◆ **Raw data**:
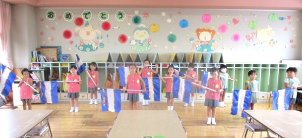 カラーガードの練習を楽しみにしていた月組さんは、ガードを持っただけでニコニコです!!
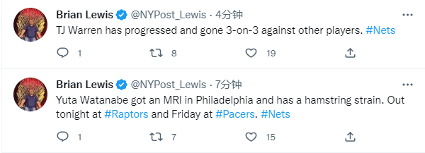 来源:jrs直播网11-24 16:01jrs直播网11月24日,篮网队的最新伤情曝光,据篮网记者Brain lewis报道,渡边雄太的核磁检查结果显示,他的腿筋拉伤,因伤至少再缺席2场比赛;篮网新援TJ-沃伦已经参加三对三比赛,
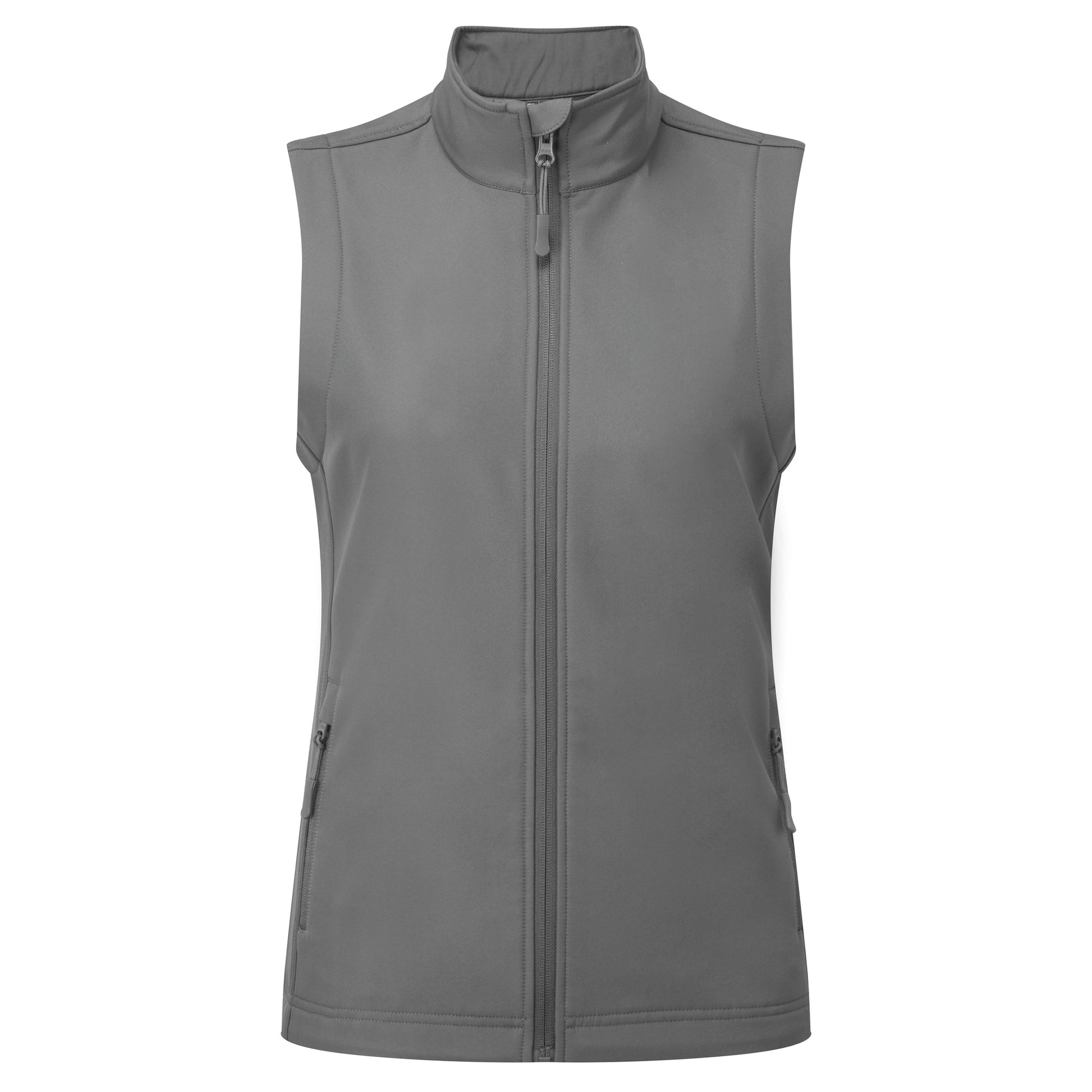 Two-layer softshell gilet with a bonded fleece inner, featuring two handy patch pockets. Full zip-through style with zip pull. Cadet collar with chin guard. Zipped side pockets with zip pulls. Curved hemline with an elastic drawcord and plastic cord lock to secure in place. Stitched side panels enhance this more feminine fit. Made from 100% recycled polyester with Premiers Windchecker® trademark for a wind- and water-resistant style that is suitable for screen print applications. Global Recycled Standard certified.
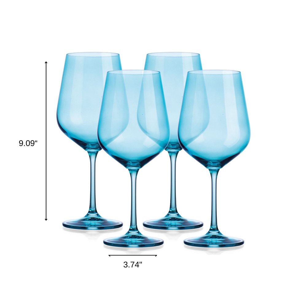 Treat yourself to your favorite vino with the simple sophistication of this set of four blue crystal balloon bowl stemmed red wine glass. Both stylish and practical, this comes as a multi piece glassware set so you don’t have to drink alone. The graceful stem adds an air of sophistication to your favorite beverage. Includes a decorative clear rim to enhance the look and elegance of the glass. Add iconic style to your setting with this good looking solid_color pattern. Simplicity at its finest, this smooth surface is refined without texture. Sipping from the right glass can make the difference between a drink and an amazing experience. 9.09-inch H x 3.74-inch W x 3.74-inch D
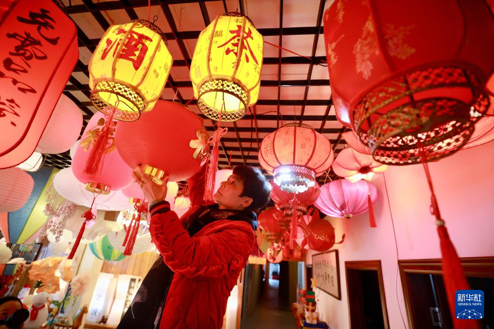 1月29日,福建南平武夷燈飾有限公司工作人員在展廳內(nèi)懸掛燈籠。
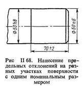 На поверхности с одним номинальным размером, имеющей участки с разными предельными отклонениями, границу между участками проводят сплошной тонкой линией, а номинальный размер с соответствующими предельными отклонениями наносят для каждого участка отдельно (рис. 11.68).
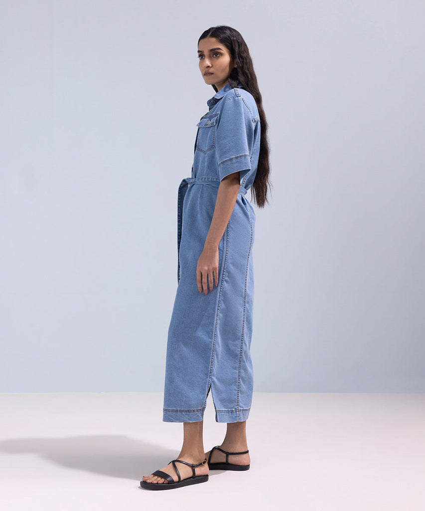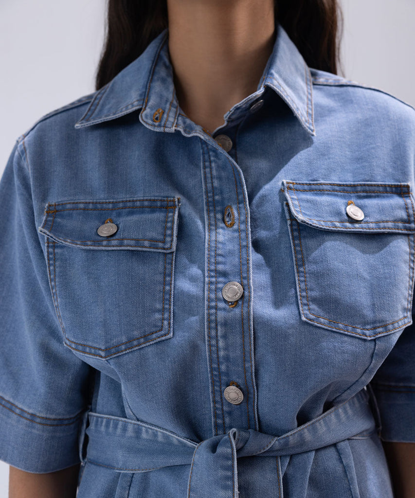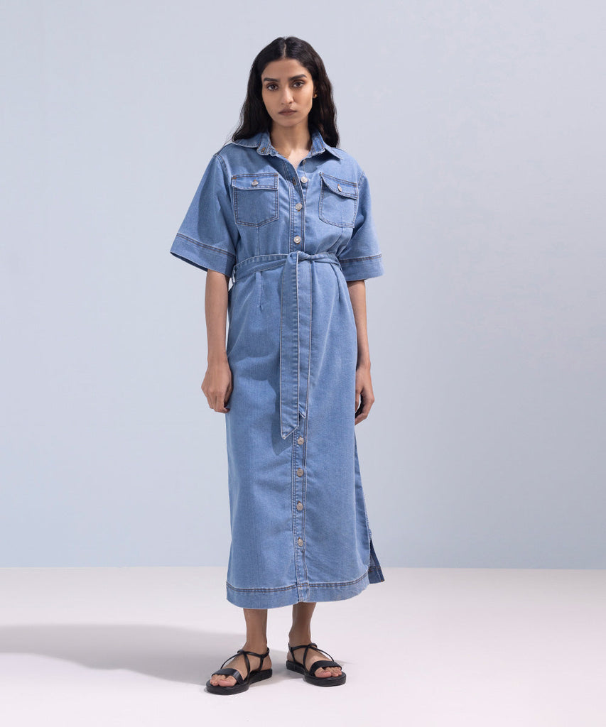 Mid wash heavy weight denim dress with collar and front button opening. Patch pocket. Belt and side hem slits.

◆ **Exercise description**: Exclude images and repeat all entries exactly.

◆ **Task answer**:
 カラーガードの練習を楽しみにしていた月組さんは、ガードを持っただけでニコニコです!!
 来源:jrs直播网11-24 16:01jrs直播网11月24日,篮网队的最新伤情曝光,据篮网记者Brain lewis报道,渡边雄太的核磁检查结果显示,他的腿筋拉伤,因伤至少再缺席2场比赛;篮网新援TJ-沃伦已经参加三对三比赛,
 Two-layer softshell gilet with a bonded fleece inner, featuring two handy patch pockets. Full zip-through style with zip pull. Cadet collar with chin guard. Zipped side pockets with zip pulls. Curved hemline with an elastic drawcord and plastic cord lock to secure in place. Stitched side panels enhance this more feminine fit. Made from 100% recycled polyester with Premiers Windchecker® trademark for a wind- and water-resistant style that is suitable for screen print applications. Global Recycled Standard certified.
 Treat yourself to your favorite vino with the simple sophistication of this set of four blue crystal balloon bowl stemmed red wine glass. Both stylish and practical, this comes as a multi piece glassware set so you don’t have to drink alone. The graceful stem adds an air of sophistication to your favorite beverage. Includes a decorative clear rim to enhance the look and elegance of the glass. Add iconic style to your setting with this good looking solid_color pattern. Simplicity at its finest, this smooth surface is refined without texture. Sipping from the right glass can make the difference between a drink and an amazing experience. 9.09-inch H x 3.74-inch W x 3.74-inch D
 1月29日,福建南平武夷燈飾有限公司工作人員在展廳內(nèi)懸掛燈籠。
 На поверхности с одним номинальным размером, имеющей участки с разными предельными отклонениями, границу между участками проводят сплошной тонкой линией, а номинальный размер с соответствующими предельными отклонениями наносят для каждого участка отдельно (рис. 11.68).
 Mid wash heavy weight denim dress with collar and front button opening. Patch pocket. Belt and side hem slits.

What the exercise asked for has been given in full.